Hace poco me mudé a Shin-Koiwa. Un día, mientras esperaba a un amigo en la puerta de boletos de la estación, noté en el mostrador del personal al “empleado perro” que se muestra en la foto de abajo. Al ver esa cara trabajando diligentemente con mascarilla, acorde con los tiempos, pensé que era demasiado adorable y, de forma egoísta, le tomé una foto.

Para quienes viven en Japón, personajes mascota como este quizá sean familiares y cotidianos, pero para mí fueron entrañables.
También pienso que las máquinas expendedoras de abajo no son unas máquinas expendedoras ordinarias.


En las ciudades japonesas, a menudo se ve a hombres y mujeres mayores paseando o llevando de compras a sus mascotas en carritos para mascotas, como se muestra en la foto de abajo.
La primera vez que vi uno, pensé que era increíblemente adorable.
Nunca había visto un carrito para mascotas así en China, así que creo que este carrito es muy práctico y fácil de usar.

Crié desde segundo grado de primaria a una perrita blanca llamada GUAIGUAI. Cuando era estudiante de tercer año de universidad, GUAIGUAI tenía 14 años y, como ya estaba envejeciendo, falleció de forma natural.

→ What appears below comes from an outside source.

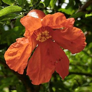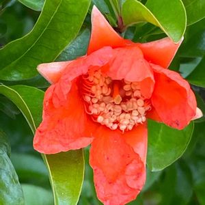 石榴のお花 おぉ〜咲きました。艶やかな緑の葉っぱ🌿の中に鮮やかなオレンジ色です。 蕾をつければ咲くのを楽しみにして、咲けば実のなるのを楽しみにする。 朝の散歩が楽しみです🧡💚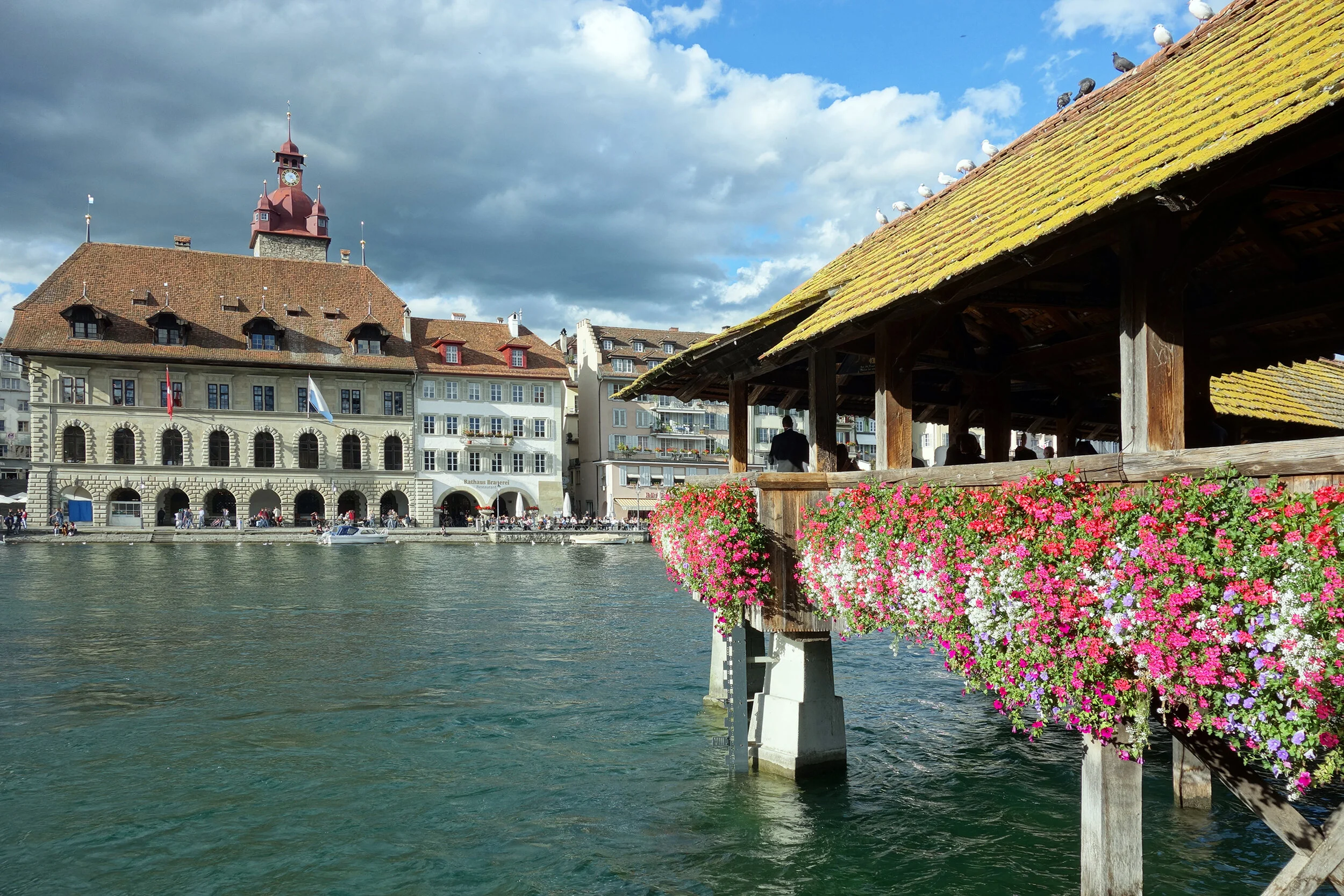 If you were to draw a triangle between Basel, Zürich and Lucerne (or possibly Luzern), Luzern (or possibly Lucerne) would be at the bottom point, an easy hour (or less) rail trip from either city. What separates Lucerne isn't that it's a city (just like Geneva, Lausanne and Zürich) on a lake that is framed by distant snow covered peaks, but rather its river. The Reuss River cuts through the city and its old town and is spanned by shockingly beautiful pedestrian bridges adorned with flowers. This bridge is the Chapel Bridge (or Kapellbrücke if you're all about the German), and it dates back to 1333 or 1993, depending on where you're standing. After minding its own business uninterrupted for 630 years through wars and famine and plagues, a good chunk of the bridge burned down when it fell victim to an idiot with a boat on fire. The destroyed sections were rebuilt and the bridge once again lovingly spans the Reuss, same as it ever was, same as it ever was.

Durante sus últimos meses, incluso cuando quería sacarla a pasear, no tenía fuerzas y no podía caminar a ningún lado.
Así que siempre la llevaba en una bolsa, pero quizá el trayecto no era cómodo y ella no parecía feliz.
En ese momento, de verdad deseé que tuviéramos un carrito para mascotas como este.
Eso es todo por lo que comparto hoy. Gracias.